La loro ammirazione, ovvero questa aspirazione anche alla tua arte, come la vivi?
Bene, ne sono felice.
Ti senti una guida sotto questo punto di vista?
Io? No, non mi sento una guida di niente, non riesco a guidare me stesso, figurati i ragazzi di vent’anni. Però sono contento che ci sia.
Da Fazio hai dichiarato di aver fatto anche dei film politici che poi si sono rivelati degli azzardi. Parlavi per caso di “Loro”, il film sulla vita di Silvio Berlusconi, e della mancata distribuzione in tv e piattaforma?
Nella mia esperienza, ne ho fatti due (Il Divo e Loro, ndr), i film che hanno a che fare con i politici sono più rischiosi. I politici capiscono perfettamente che il cinema è un'arte popolare e può avere improvvisamente una grande diffusione anche all'estero, dove è più difficile manipolare l'immagine che danno, come fanno nel loro Paese.
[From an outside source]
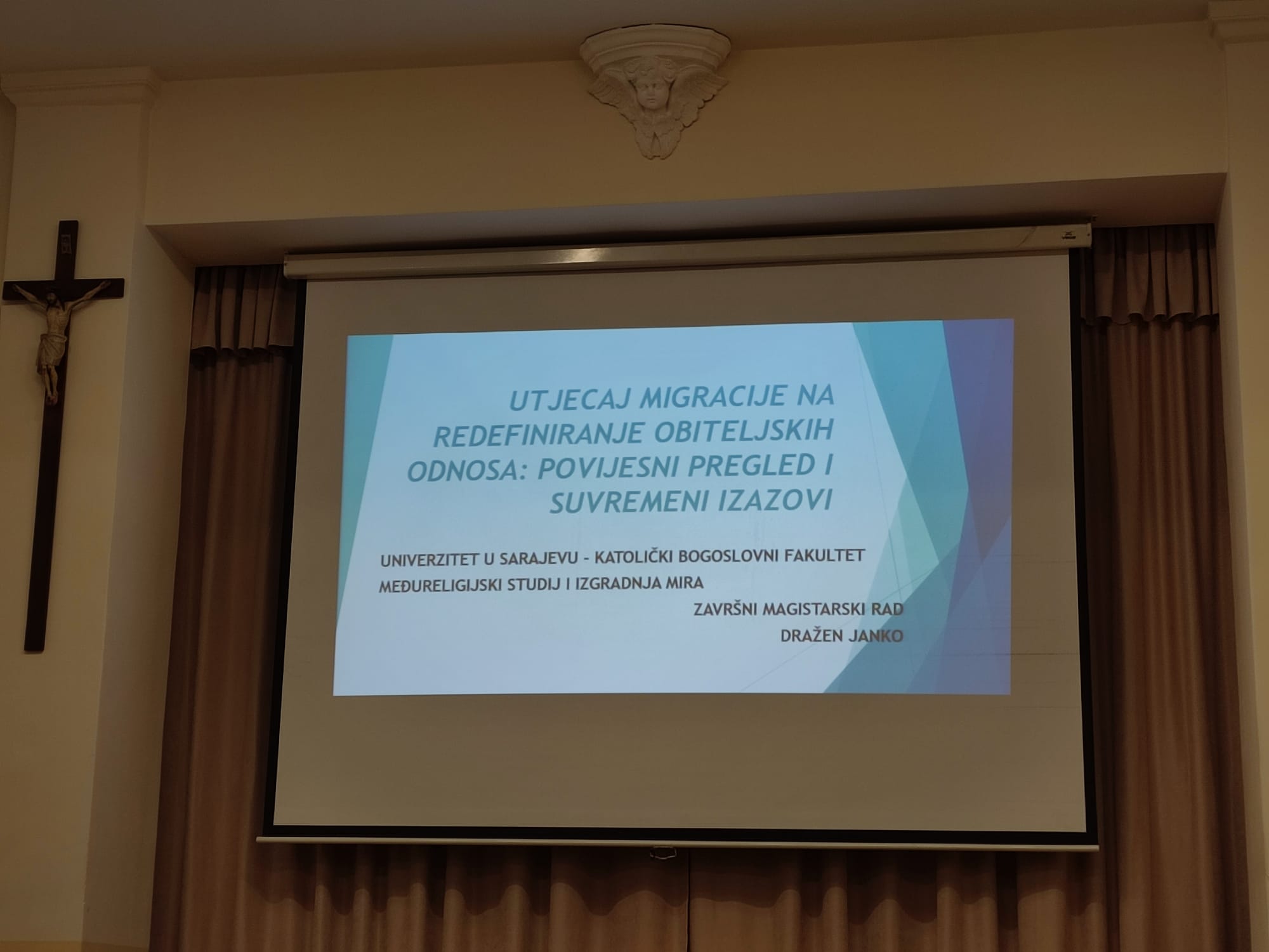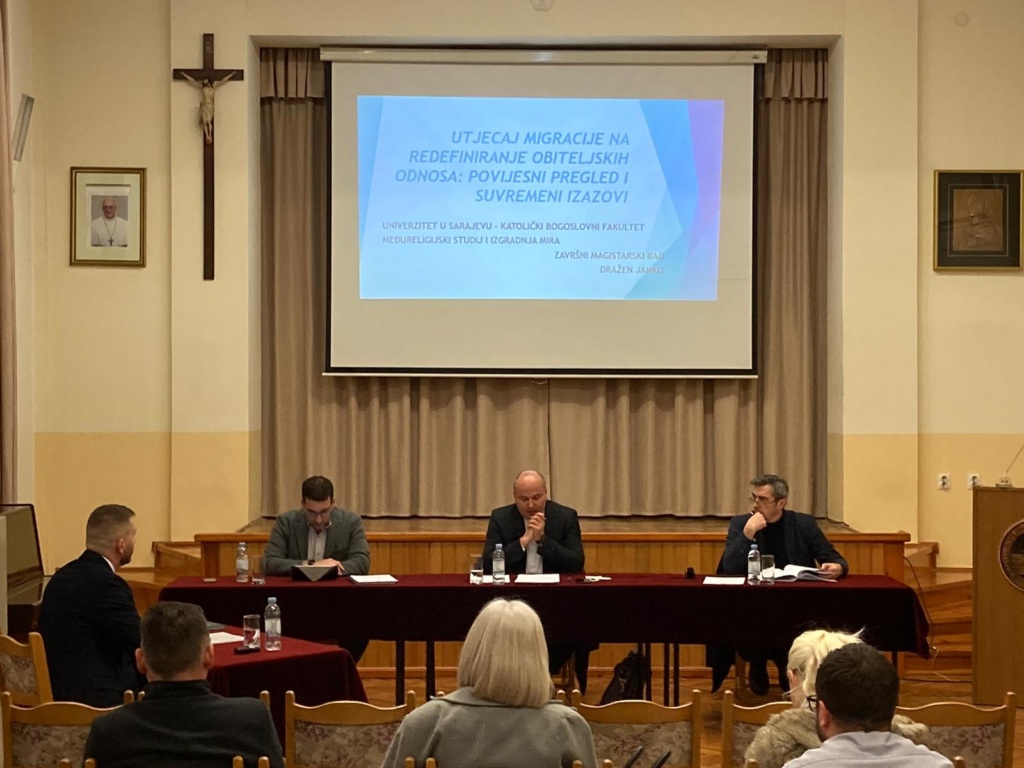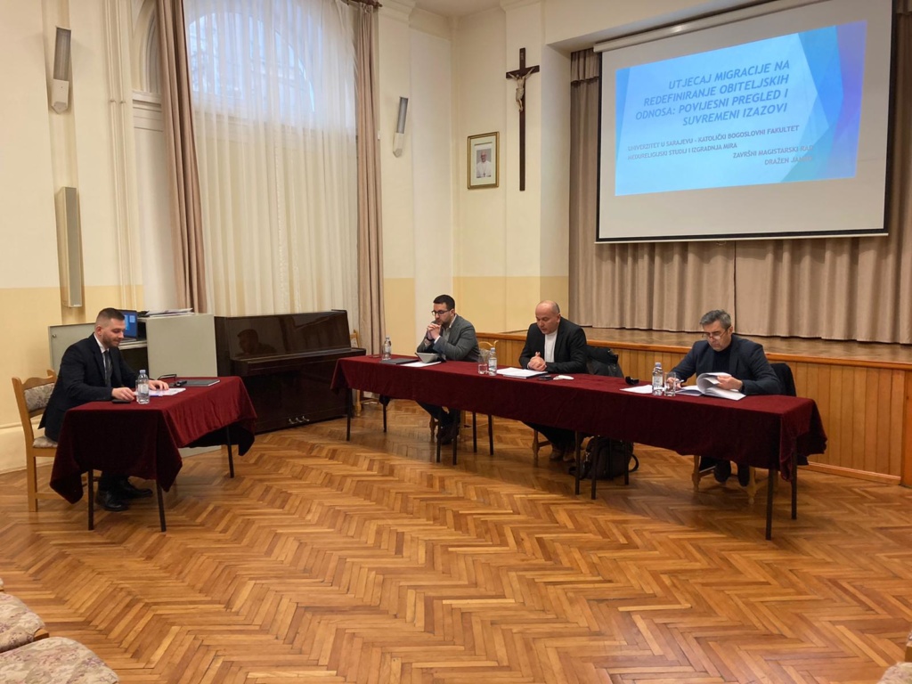 U srijedu 9. ožujka 2022. godine u 16h u prostorijama Katoličkog bogoslovnog fakulteta student Master studija Dražen Janko uspješno je obranio završni rad pod naslovom: “Utjecaj migracije na redefiniranje obiteljskih odnosa: povijesni pregled i suvremeni izazovi”. U Povjerenstvu su bili: Izv. prof. dr. Šimo Maršić, predsjednik; Izv. prof. dr. Pavle Mijović, mentor član; Prof. dr. Dino Abazović, član. Ovim je kolega Dražen Janko postao 12. magistar Međureligijskih studija i izgradnje mira, zajedničkog master studija tri fakulteta (Fakultet islamskih nauka Univerziteta u Sarajevu, Katolički bogoslovni fakultet u Sarajevu i Pravoslavni bogoslovski fakultet Sv. Vasilije Ostroški Univerziteta Istočno Sarajevo u Foči).

Per questo motivo, destano grande attenzione, allarme e preoccupazione nei politici stessi e in tutto il mondo che gira intorno ai politici. Da qui, la concreta possibilità di fastidi e pressioni.
Ma tu hai avvertito un approccio censorio a questo film o no?
Da parte di chi?
Della distribuzione, televisiva e di piattaforma (Medusa, ndr)
Non l’hanno distribuito sulle piattaforme o in televisione. Non lo so se è censorio… semplicemente, sì, lo hanno censurato. Non lo hanno fatto vedere.
Sia in “È stata la mano di Dio” che in Parthenope indaghi molto il concetto di libertà, seppur da angolazioni differenti. Oggi, rispetto al tuo primo film, “L’uomo in più”, senti di avere acquisito abbastanza libertà per fare film che vuoi o soffri ancora di ansia da prestazione?
No, non ho più l'ansia da prestazione, francamente. Però è anche vero che ogni lavoro che fai, dato che poi ti occuperà uno o due anni della tua vita, che non sono pochi, ti fa porre delle domande, ti genera dei dubbi e delle ansie. Se dovevo dimostrare qualcosa, l'ho dimostrato, adesso non mi resta altro che fare quello che mi diverte fare.
Visto il considerevole numero di volte che te lo senti dire, vorrei chiederti come ti misuri con l'appellativo “Maestro”?
Lo trovo del tutto incongruo. Alle volte lo dico, lasciate stare…Non è che me ne importi molto, non ci credo. Maestro presuppone che c’è da insegnare qualcosa e penso di non avere nulla da insegnare. D'altronde sono autodidatta nel cinema, studiavo economia, non mi sono laureato, cioè proprio non ho nessun tipo di percorso di studi che preveda che io poi diventi maestro di qualcosa.